Hope this answers your question.

There is a thread on here somewhere regarding this - I remember reading it as Andy (Coley1) had a lot to say about it. 

Regards
paul


----------



## glenn (29 Aug 2009)

i read in PFK that plants at night take in 02 and give out co2 as a by product. so 02 levels will drop at night and co2 levels raise, so aireating at night is a good practice.


----------



## zig (29 Aug 2009)

Yes it is good practice and one I would recommend, I dont think enough of us do it though as standard practice on all our tanks myself included.


----------



## Mark Evans (29 Aug 2009)

zig said:
			
		

> Yes it is good practice and one I would recommend, I don't think enough of us do it though as standard practice on all our tanks myself included.
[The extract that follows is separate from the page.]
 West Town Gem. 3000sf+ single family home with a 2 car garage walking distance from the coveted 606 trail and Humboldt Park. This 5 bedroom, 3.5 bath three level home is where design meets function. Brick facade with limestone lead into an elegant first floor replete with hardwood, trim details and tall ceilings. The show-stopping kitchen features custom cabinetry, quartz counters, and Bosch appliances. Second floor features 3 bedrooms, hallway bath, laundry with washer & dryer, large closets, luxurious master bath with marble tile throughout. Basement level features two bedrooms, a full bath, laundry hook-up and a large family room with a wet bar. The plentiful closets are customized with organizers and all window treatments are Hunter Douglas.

i do it  on autumn blush. have done from day one. thought I'd try it after seeing amano does it on every tank.

i've got the outlet in such a way, it pivots placing the angle bit of the head on the water line allowing the water to draw in air from the surface. it's the easiest thing in the world to do of a night and it keeps the surface like a mirror


----------



## GreenNeedle (29 Aug 2009)

I keep mine raised 24/7 and turn up the CO2 a little more to compensate.  If it were a case of raise/lower every day and the lily was under water in the day and a third above the water at night then I would either forget to lower it and lose the CO2 due to the injection being lower or forget to raise it anyway.

Doesn't do any harm by not raising it with a heavy fishload.  I did that for a long time prior to raising it.  I just found that water clarity improved visibly with more O in the water.

AC


----------



## Mark Evans (29 Aug 2009)

SuperColey1 said:
			
		

> I just found that water clarity improved visibly with more O in the water.
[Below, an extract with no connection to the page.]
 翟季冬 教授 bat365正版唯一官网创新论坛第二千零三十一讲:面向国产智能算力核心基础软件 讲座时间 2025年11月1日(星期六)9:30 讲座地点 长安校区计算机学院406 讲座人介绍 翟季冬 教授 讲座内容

true. my co2 is on a solenoid also, so co2 off 1 hour before lights off....lights off, the add o2. the fish go mental when you add o2   

i'm not 100% sure if it helps, more than likely does, but this current tank of mine is the easiest i've kept in every sense, algae, growth....even with the high intensity lighting.
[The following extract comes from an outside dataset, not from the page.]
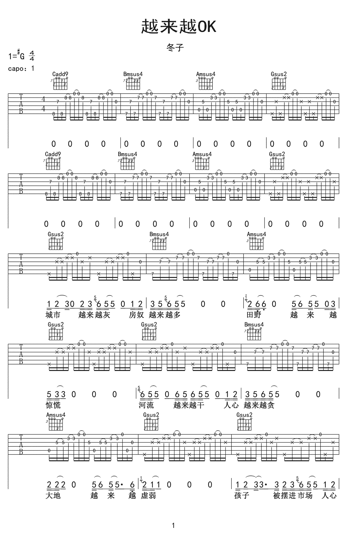 越来越OK吉他谱-冬子原调:1=#G,本谱选调:1=G,(CAPO1品)。...

i just follow certain habits to the record and all things go good.


----------



## Dave Spencer (29 Aug 2009)

I use my powerheads to create a lot of surface disturbance 24/7. I have high CO2 and O2 with the lights on, and high O2 when they are off.

Dave.


----------



## zig (29 Aug 2009)

saintly said:
			
		

> zig said:
> 
> 
> 
> ...



We don't all use lily pipes though.

I bet not many people use or setup a seperate airpump for when the CO2 goes off at night thats really what I meant.

I think it should become standard practice for high light tanks in particular and included in all the "How to start a planted tank" manuals, I think its overlooked with all the focus on CO2, substrate, nutrients etc, we become blinded by the high tech science and get the basics wrong, just my opinion mind


----------



## aaronnorth (29 Aug 2009)

i just have my powerhead create a gentle ripple across the whole surface. 

Glenn, plants are always respiring so they are always utilising O2, and releasing CO2 into the water, the amount they do utilise/ release is minimal so the fish arent affected.
Also remeber it is possible to have an enriched CO2/ O2 aquarium at the same time, so if plant health is good so will be the water quality  
you will probably find CO2 gasses off quicker than the plants can raise the CO2 levels to deadly amounts.


----------



## davidcmadrid (1 Sep 2009)

I know it wastes a bit of CO2 but i have an airstone just under the intake to a powerhead on 24 hours a day.


----------



## andyh (6 Sep 2009)

Thanks guys, i have been away for a few days hence the delay in response. I am going to get an air pump on a timer. Was considering just lifting my return every night (but i will forget and travel a lot so automation is key.)

I will let you know how i get on.


----------



## Graeme Edwards (6 Sep 2009)

I have often thought about doing it, but never have. I have never seen my fish struggle or upset by me not doing so, so its never been an issue. I think, if you really want your fish to be happy and do all you can for them, then I would say do it.
Some situations perhaps demand it, but thats up to the individual.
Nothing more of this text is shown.